Прежде всего, он был ее учителем, а в «Урбане», как и в большинстве других школ, существовали очень строгие правила относительно взаимоотношений студентов и преподавателей. Кэролайн читала эти правила, когда получила их в одном пакете с регистрационными бланками. Она припомнила, что между студентом и любым профессором, который читает курс у этого студента, полностью запрещены ухаживания.

И потом, что ни говори, Дэниел на семь лет моложе ее. Допустим, это не такая уж большая разница, но в совокупности с тем фактом, что она студентка, а он учитель, это действовало на Кэролайн угнетающе. Он знал, сколько ей лет, – она сама сказала ему, когда просила продлить срок сдачи работы. За прошедший год она стала хуже выглядеть, похудела, и на лице добавилось морщин. Когда-то люди говорили, что она выглядит моложе своих лет, но это было до ухода Гарри.
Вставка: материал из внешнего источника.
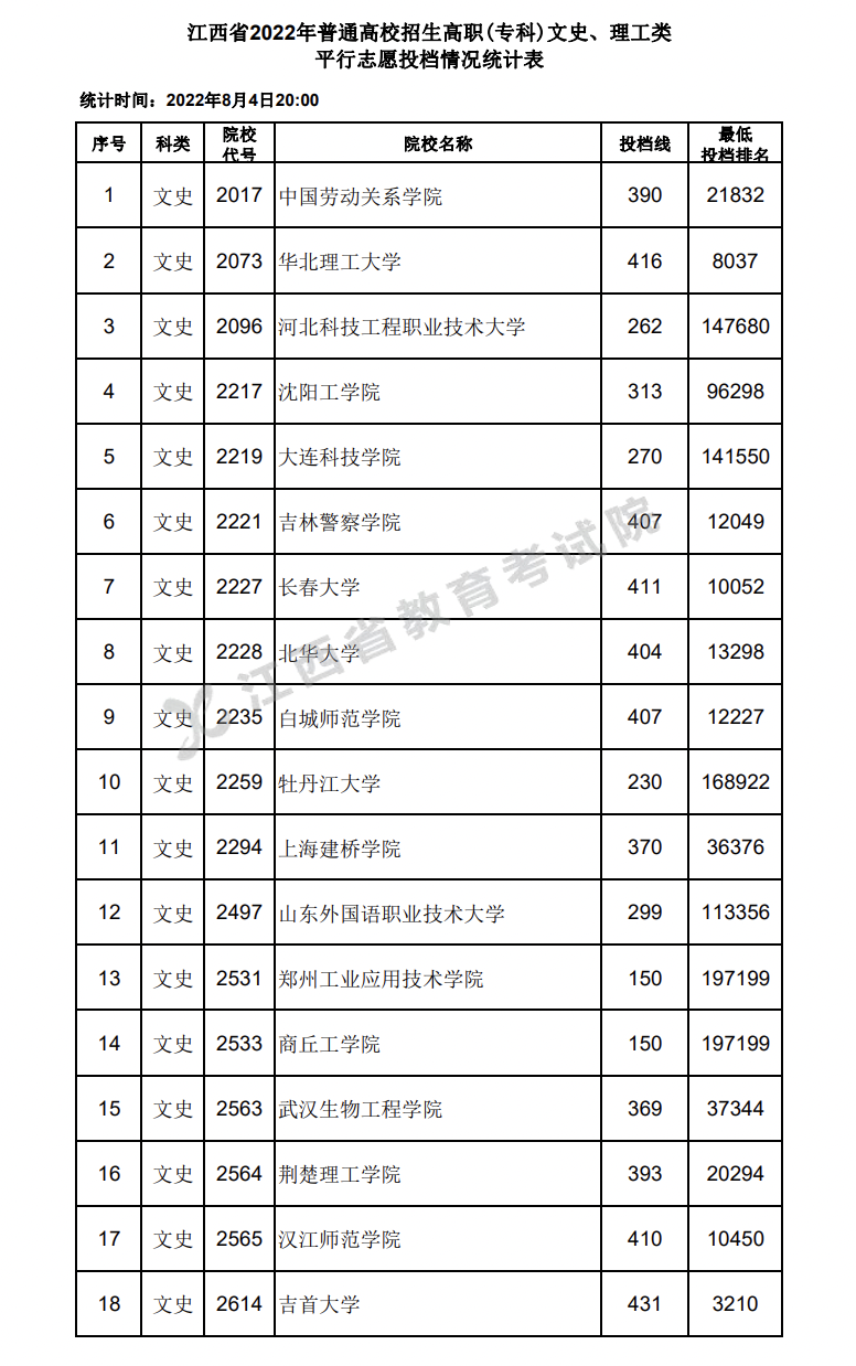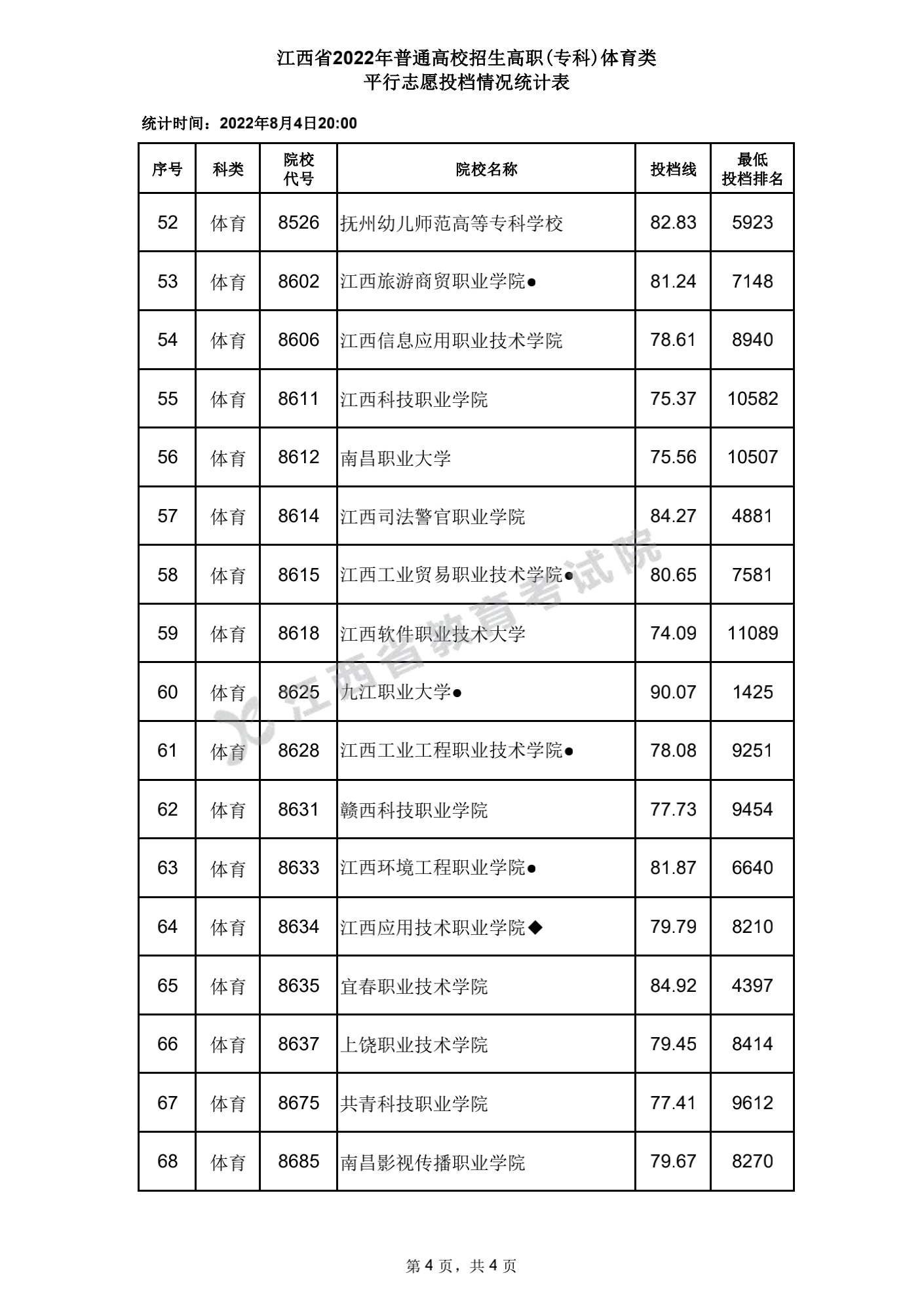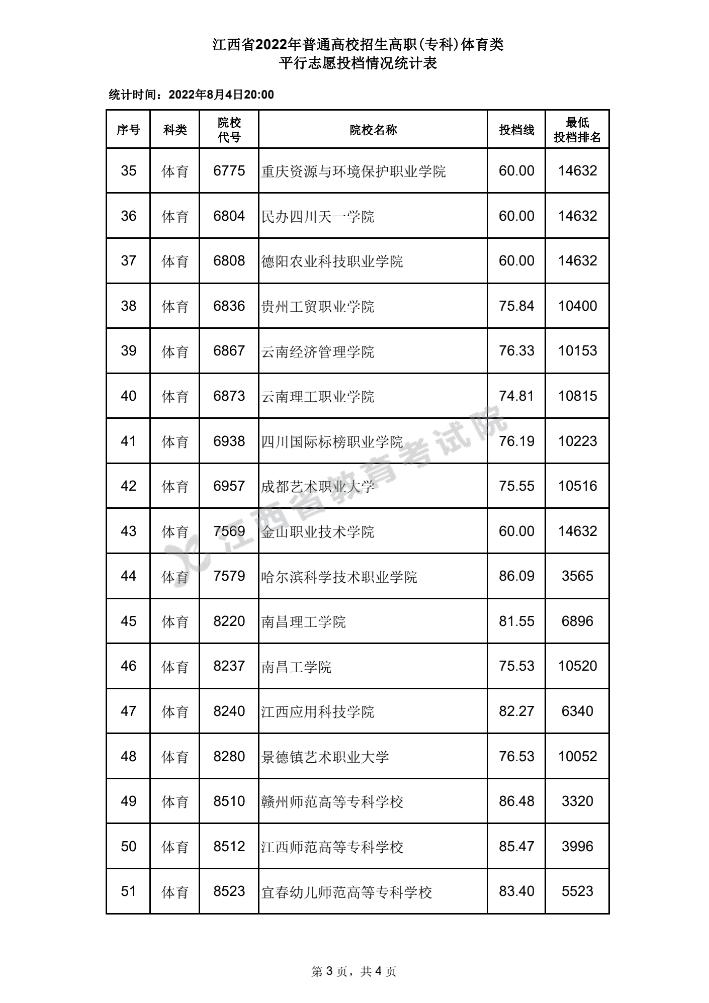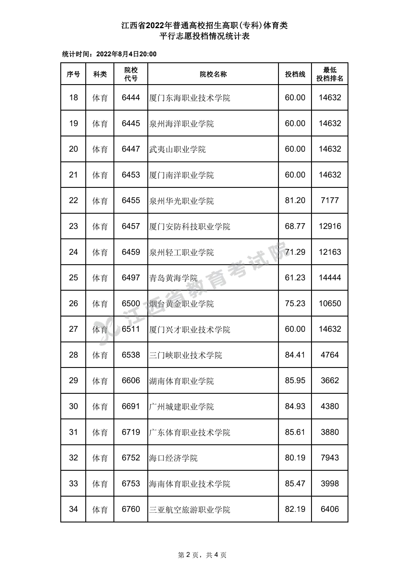 江西省2022年普通高校招生高职(专科)体育类平行志愿投档情况统计表公布!

Кэролайн прошла на кухню и налила себе стакан молока. На часах было десять минут десятого, а она еще не ужинала. Неважно, что проблемы кажутся серьезными; она должна поесть. Тогда ей сразу станет ясно, что она раздула из мухи слона. Иначе говоря, сложные отношения из простого поцелуя.

Омлет сделать легко, и она сразу почувствует себя гораздо лучше. Однако вынуть сковородку и разбить яйца почему-то оказалось сложным делом. Кэролайн взяла свой стакан молока и села за кухонный стол, глядя в окно на залитый луной двор. Все было черно-серебряным, как на гравюре, и казалось таинственным и потусторонним.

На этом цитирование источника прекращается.